Выбрать главу

«Благословен будь тот, кто сказал нам слово одобрения».

Впрочем, это тоже уже написано в «Сентиментальном романе».

Среди новичков, подобных мне, в «Трудовом Доне» были Иван Ольшанский и Николай Шуклин. Железнодорожник Ольшанский писал стихи:

Над моею колыбелью, Беспокойны и легки, Песни грозные пропели Паровозные гудки.

Кажется, Шуклин тоже писал стихи, но я их не помню.

Его жена, Анна Ивановна, заведовала той библиотекой, где я брала книги. Эту милую женщину я описала в «Сентиментальном романе» — как она подбирает книги для Севастьянова. Описала и самую библиотеку, и свое отношение к книгам.

К тому времени я перечитала уже порядочно.

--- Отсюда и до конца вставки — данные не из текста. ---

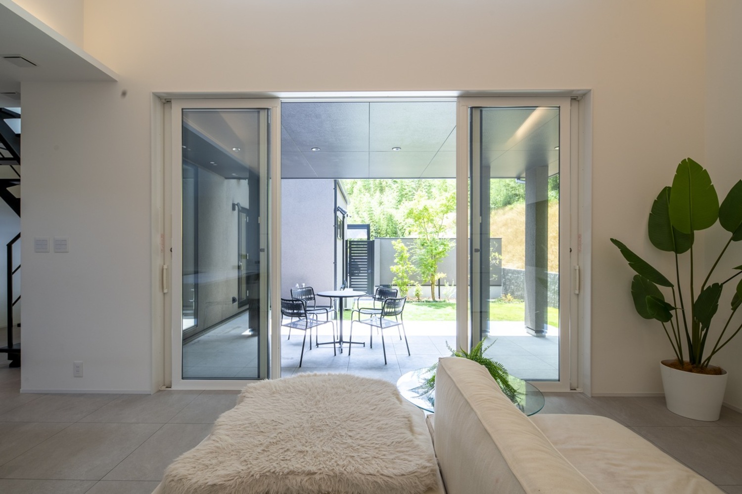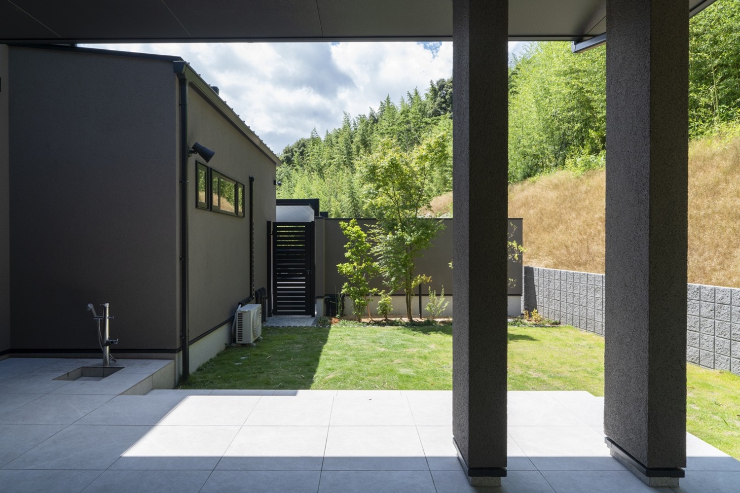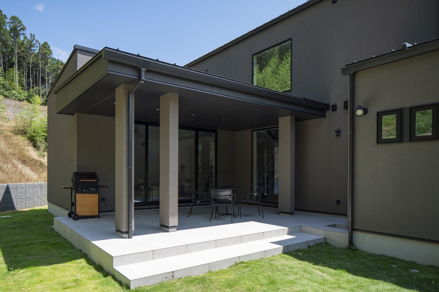 重厚感のあるジョリパットの外壁材が、自然豊かなロケーションにしっかりと馴染みながらも、存在感を放つ美しい外観。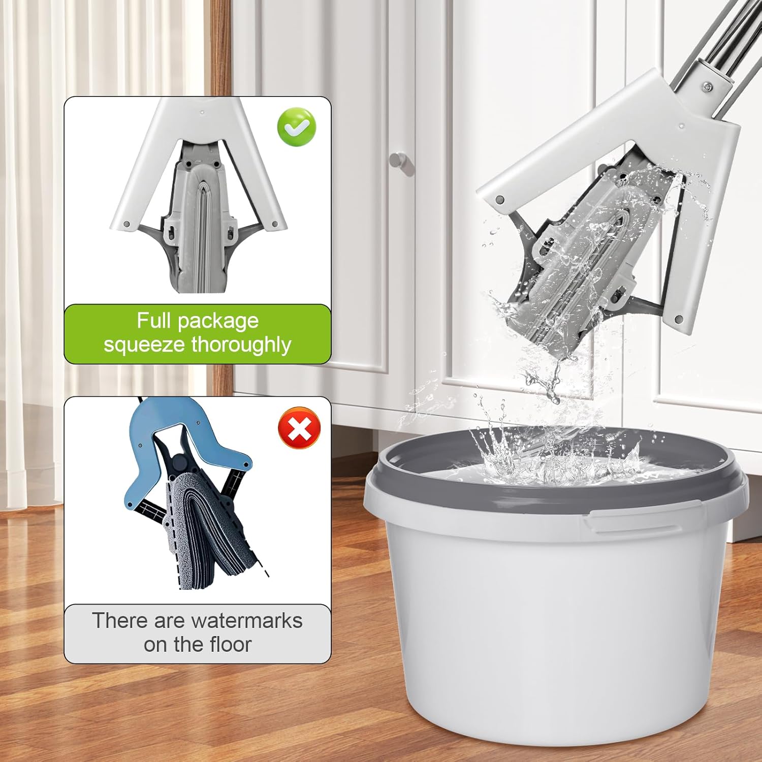 - HANDS-FREE WRINGING DESIGN: Easily squeeze out water and stains with a simple pull, achieving true hands-free wringing. Avoid direct contact with dirty water for a more hygienic cleaning experience.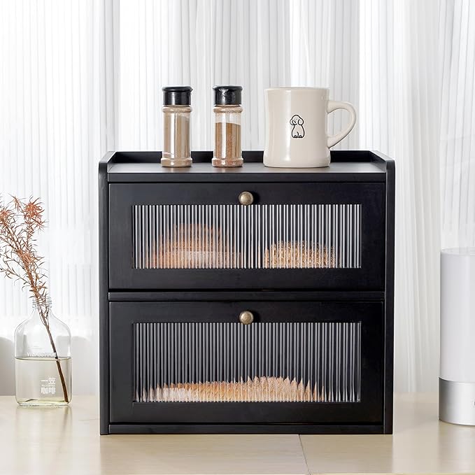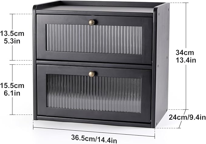 • 【Large Capacity】The bread box is large enough (L14.4in*W9.4in*H13.4in) for most personal and family use. The large exclusive space prevents bread from being squeezed, while the double-layered design makes your kitchen tidier without taking up too much counter space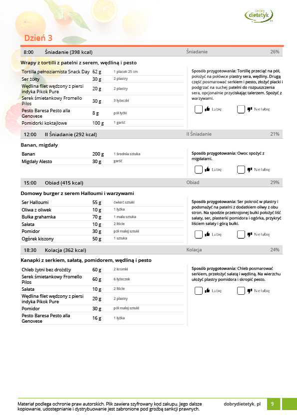 w formie propozycji posiłków (zamiast pojedynczych jadłospisów jednodniowych, przygotowano propozycje kilku propozycji dań na każdy posiłek). Tutaj nie uzależniamy Cię od tego jakie masz np. w danym dniu zjeść śniadanie czy obiad, tylko sam wybierasz sobie ulubione danie z kilku przedstawionych przez nas propozycji.

Кроме тогдашнего девчонского чтения — всех этих Олькотт, Чарской, Бернетт, «Голубой цапли», «Сибирочек», «Лесовичек» и прочего — я прочла много из русской и мировой классики, о многом, например о «Фаусте», знала что-то понаслышке, уже не Виктора Гофмана, а Блока, Есенина, Ахматову знала наизусть.

Я была, таким образом, уже подготовлена к новой среде, более литературной, чем наша редакционная среда, к новому общению.

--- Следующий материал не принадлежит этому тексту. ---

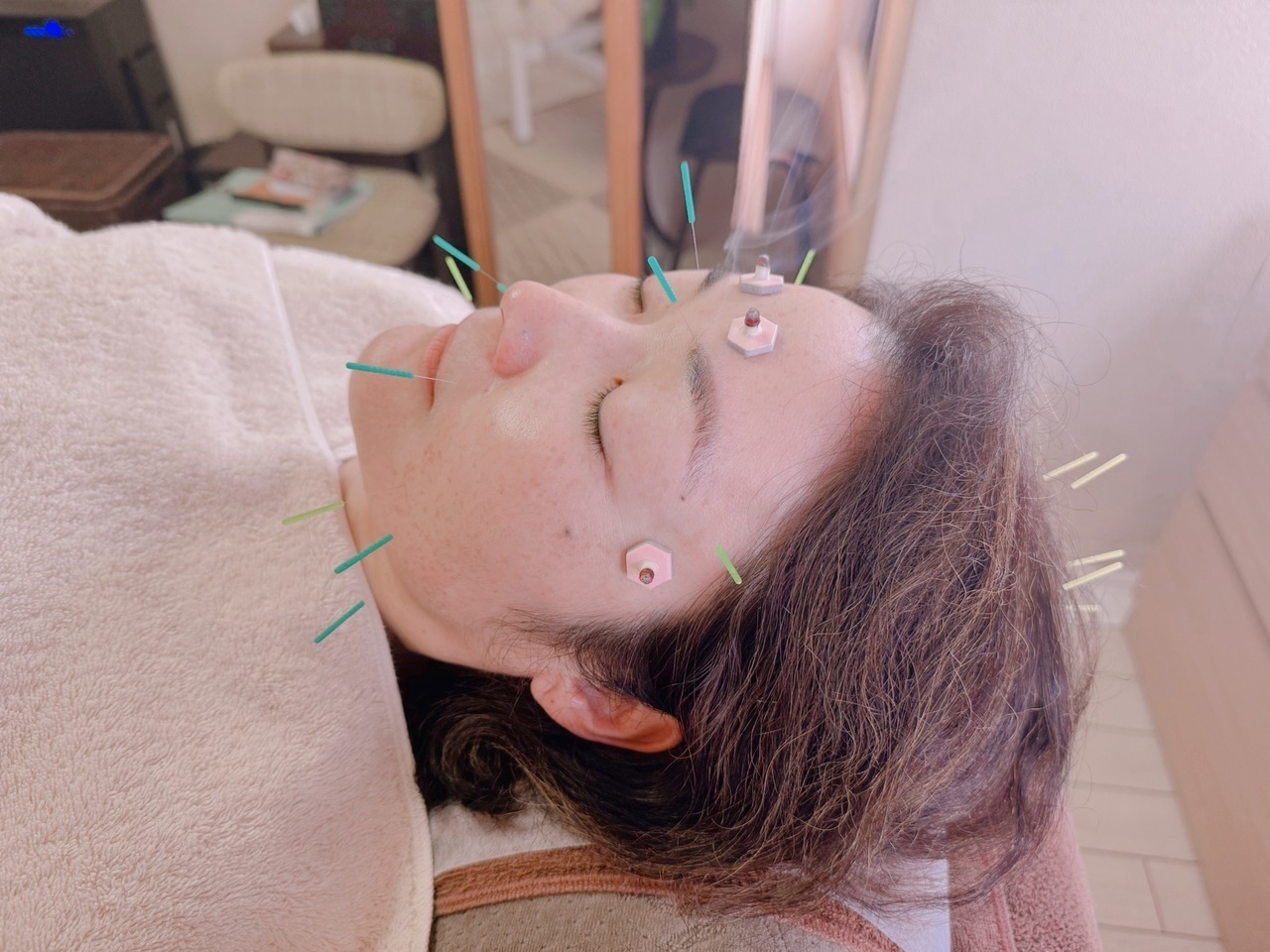 お顔に鍼をする前に全身の調子を整えます

Тут начинаются новые встречи, они происходили и в редакции, и в том обсаженном розами особняке на Пушкинской улице, где по роману Шурка Севастьянов встречается с двумя Зоями.

В том особнячке я видела тогдашних ростовских поэтов — Рюрика Ивнева, Рюрика Рокка, Сусанну Чалхускян.

Собрание в особнячке и его закрытие написаны с натуры. Под именем Югая написан погибший впоследствии Яков Фалькнер, наружность Жени Смирновой я взяла от Лиды Орловой.

Но Лида Орлова — это уже много позже, это — подвальчик в клубе Рабпрос, работников просвещения, куда мы, редакционные чернорабочие, не сразу решились сунуться, потому что там собирались люди, уже числившиеся или числившие себя в литературе. Мы с нашими газетными заметочками не дерзали идти туда, где читались стихи и проза почти всерьез.

Помнится, повел меня туда Арсений Старосельский, новый знакомый по газетной линии. С ним я пошла без страха оттого, что он всех в этом подвальчике знал «как облупленных», так он выражался по тогдашней моде.

Собиравшиеся в подвальчике называли себя РАПП, ассоциация пролетарских писателей. Возглавлял их Владимир Киршон, позже ставший известным драматургом, а тогда работник Донского комитета партии. Возглавлял он их строго, без малейшего попустительства, следя, чтобы никакая порча не проникла ни в РАПП, ни в рапповскую продукцию.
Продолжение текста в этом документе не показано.